Justice Masley’s decision also vanquished each of Dr. Blobel’s remaining quasi-contract claims, primarily invoking the principle that, where there is a valid and enforceable written contract governing a disputed subject matter, recovery in quasi-contract is precluded for events arising out of the same subject matter.

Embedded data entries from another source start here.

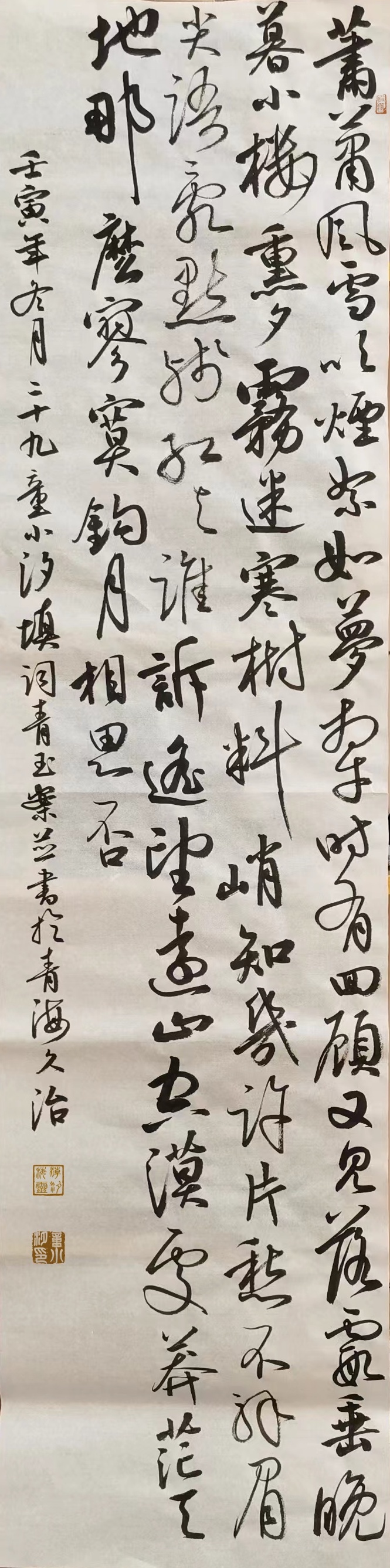 壬寅年冬月二十九童小汐填词青玉案并书於青海久治
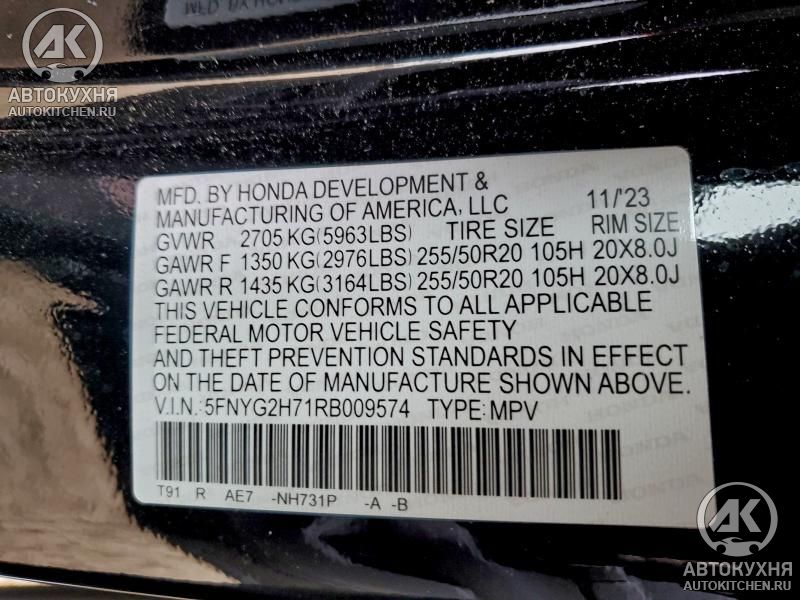 - VIN5FNYG2H71RB******
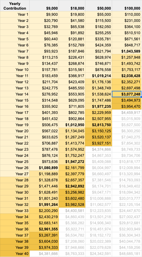 As seen in Figure 1.1, if one were to contribute $9,000/year they will reach $100,000 in networth after ~7.5 years. And they will make their second $100,000 (that is from $100k to $200k) in only ~4 years after that…the third $100,000 in 3 years after that…and the tenth $100,000 in less than 1 year!
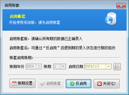 啟用賬期:是指準(zhǔn)備從哪個(gè)月份開(kāi)始使用軟件(舉例:假設(shè)當(dāng)前月份為2025年4月份,但我們想從2025年2月份開(kāi)始使用軟件,可以將啟用賬期設(shè)置為2025年、賬期為2,這樣我們需要整理的期初數(shù)據(jù)就應(yīng)該是截止到2025-02-01前的期初應(yīng)收應(yīng)付款、期初商品庫(kù)存,開(kāi)賬后就可以錄入2025-02-01之后的業(yè)務(wù)單據(jù))。
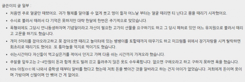구체적인 피해자의 증언을 보면 여지껏 숱하게 터졌던 연예인 관련 학교폭력 사건 중에서도 가장 악질적이라 봐도 부족함이 없을 정도로 충격적입니다
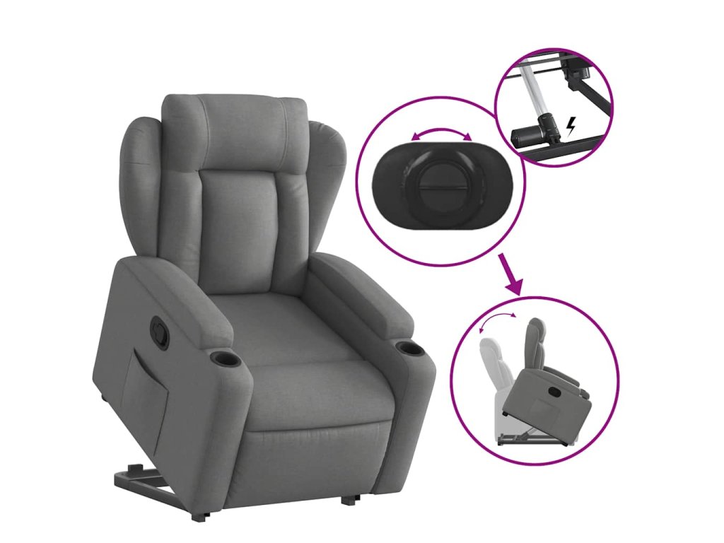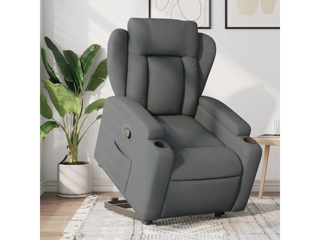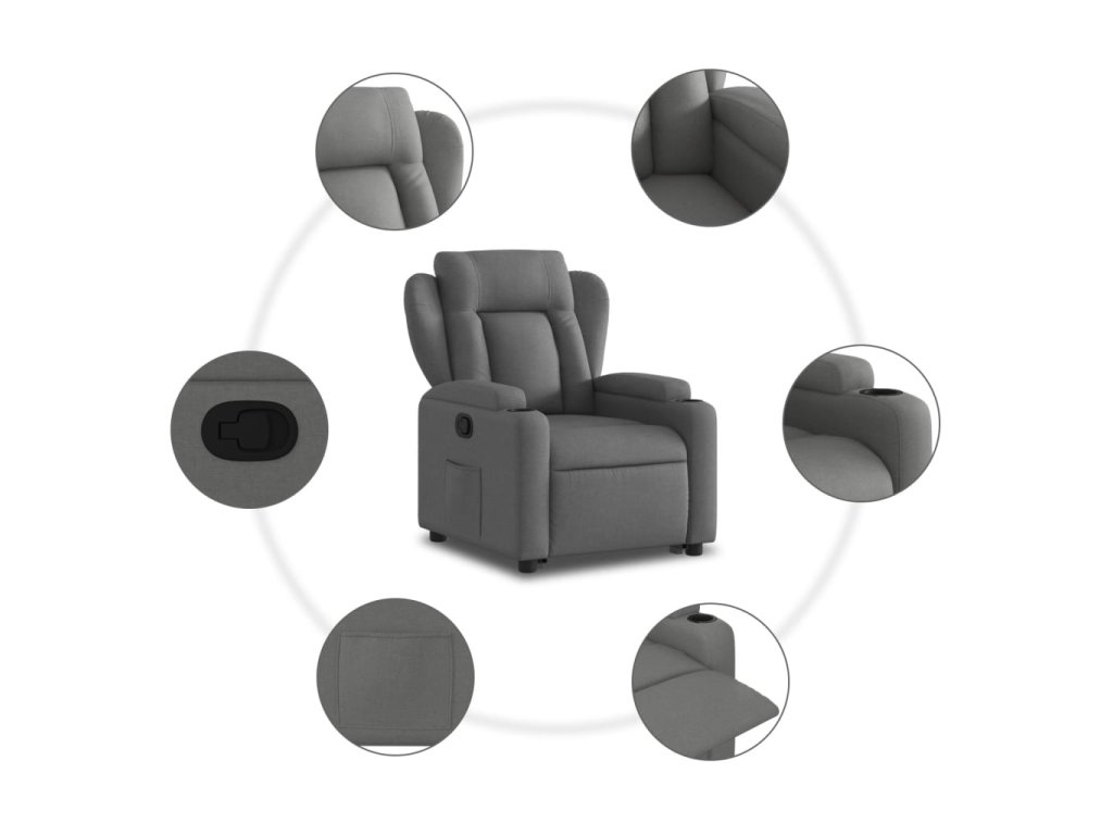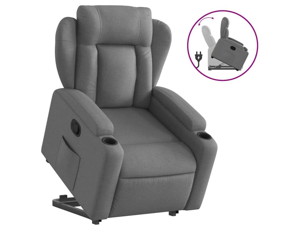 Zvedací polohovací křeslo tmavě šedé textil 3204483

Closing Thoughts.  On a pre-answer, pre-discovery motion to dismiss such as occurred here, the court had no occasion to determine the truth or falsity of Dr. Blobel’s alleged oral agreement to grant him additional shares once HHMI revised its policy. If we assume the truth of his allegation, does the outcome seem harsh? Here’s how a judge on Montana’s Supreme Court answered the question in sizing up the parol evidence rule in Baker v Bailey, 240 Mont. 139 [Mo. 1989]:

As this case illustrates, application of the rule can work to create harsh results. However, the policies behind the rule compel its consistent, uniform application. Commercial stability requires that parties to a contract may rely upon its express terms without worrying that the law will allow the other party to change the terms of the agreement at a later date.

Will there be an appeal of Justice Masley’s decision? I have no direct knowledge, but I’m guessing there will be an appeal based on the fact that Dr. Blobel’s counsel filed a motion earlier this month for an order permitting the substitution of his estate’s executor as the named plaintiff.